Thursday, February 4, 2016

February 5th Fast

"For the mercy we receive from the Father is not given solely for our benefit, but for the good of all, by transforming us into instruments, missionaries of mercy. By being such missionaries, we come to experience more deeply the gift of mercy in our own lives. May we take seriously our call to be Christians, to live as believers, so that the Gospel may touch the hearts of all people and open them to the gift of God’s love."
(Pope Francis, Jubilee Audience, January 30, 2016) 
From the beginning of time, after the Fall of Man when God promised a Redeemer, His message has been one of mercy.  Christ has pleaded with us throughout history to know Him as the God of Mercy.  As one matures, he often reflects on the merciful hand of God throughout his life.  It was not enough that Christ died once to open the gates of heaven, but He chooses to constantly intervene in our lives, even when we do not know to ask for it, to save us from a certain evil seeking to ensnare us.
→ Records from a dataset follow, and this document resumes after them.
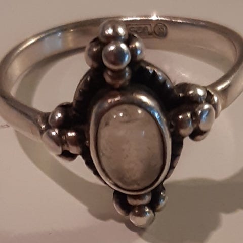 Upea sormus hopeaa, Kalevala. Leimat on. Vihreä kivi, jossa kauniisti elävyyttä. Koko 17-17,5 cm. Kiviosan korkeus kehyksen kanssa 2,4 cm.
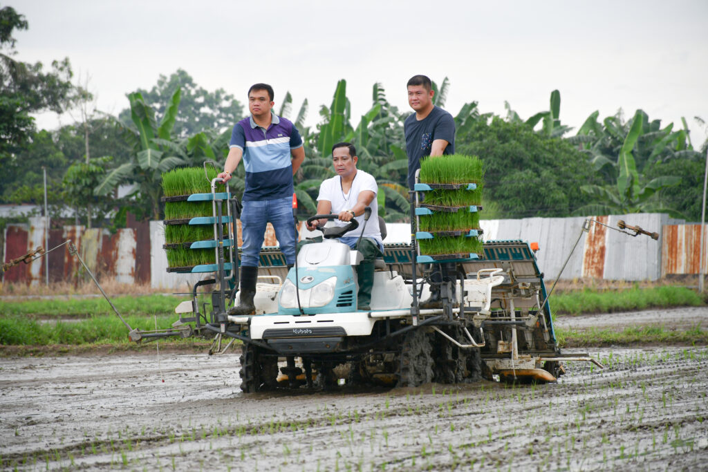 Governor Daniel R. Fernando (center) operates and drives the mechanical rice transplanter (riding type) which raises the efficiency of farm operations as well as lowers production costs during the Demonstration for Agricultural Drone Activity held in Elizabeth Esguerra’s Farm in Brgy. Pinac-pinacan, San Rafael, Bulacan last Tuesday. With him are (far left) San Rafael Mayor Mark Cholo I. Violago and (far right) Board Member Romeo V. Castro, Jr.
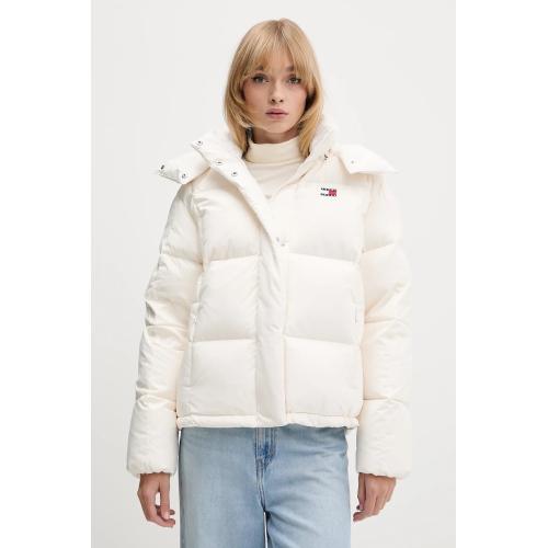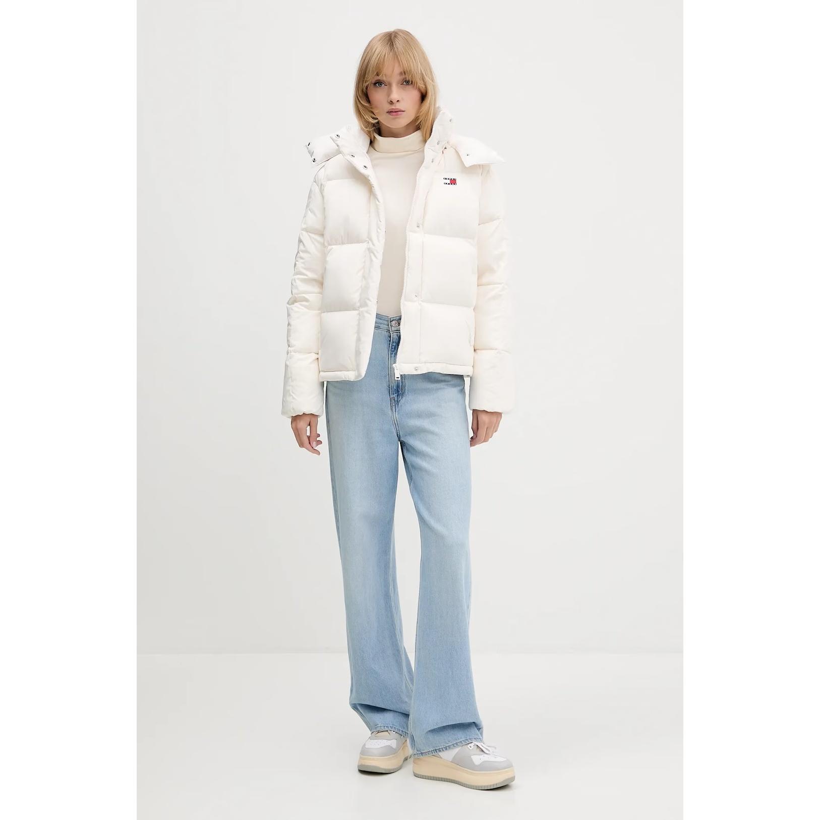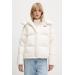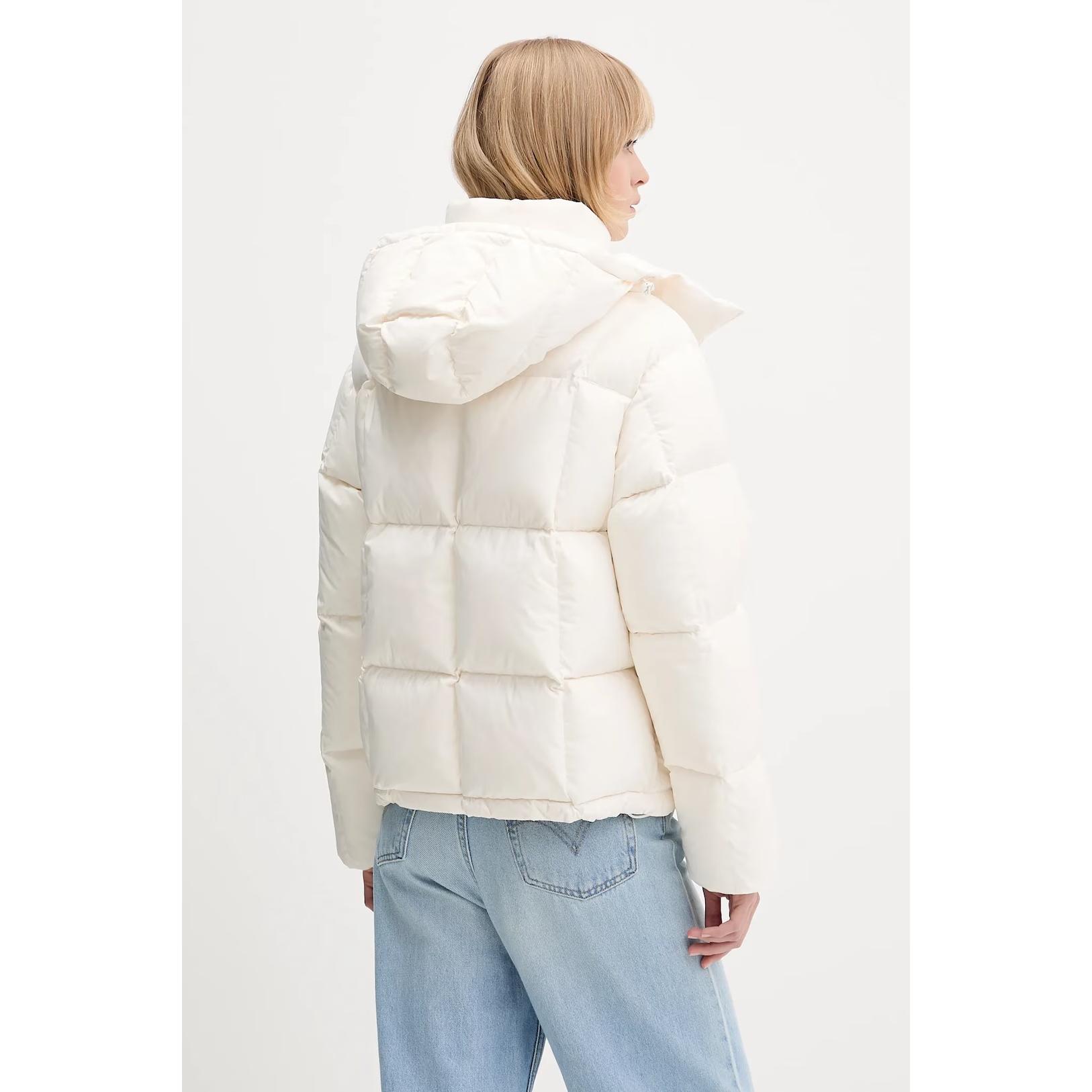 - Geaca alba cu puf natural, model cu gluga detașabilă.

Just as Christ desired the first apostles to proclaim the Good News to the ends of the earth, He wants us to know that this message of merciful love is at the foundation of the Gospel and is meant to be preached far and wide.  We are not meant to keep this treasure for ourselves, but to share it with others by the way we live our daily life.  What better way to live the message of mercy than in the cenacle of family?  A place that abounds with opportunities for forgiveness, and encouragement.  This coming time of Lent, and the Jubilee Year of Mercy should prompt one for further contemplation on the great gift of mercy, and how he is sharing it with those closest to him.

The daily grind easily breeds frustration which in turn fosters impatience and resentment.  But it need not be so.  One must be pray for a merciful heart and a joyful spirit.  When we learn to deny ourselves the comfort of sensual desires in food, drink, audio/visual, etc., we discipline our will to say no to other immediate impulses like anger, cynicism, defensiveness, etc.  It is in this way, that we train our will to grow in the virtues most necessary for living a holy life, a selfless life that is more concerned for the needs of others than that of ourselves.  Not only that, but we learn to let go of our own wounds and offenses in order to have peace in our marriages and in our homes.  Did not Christ bear much more in order to reconcile us to the Father?

Pray to be a "missionary of mercy" in the family this Lent and this year.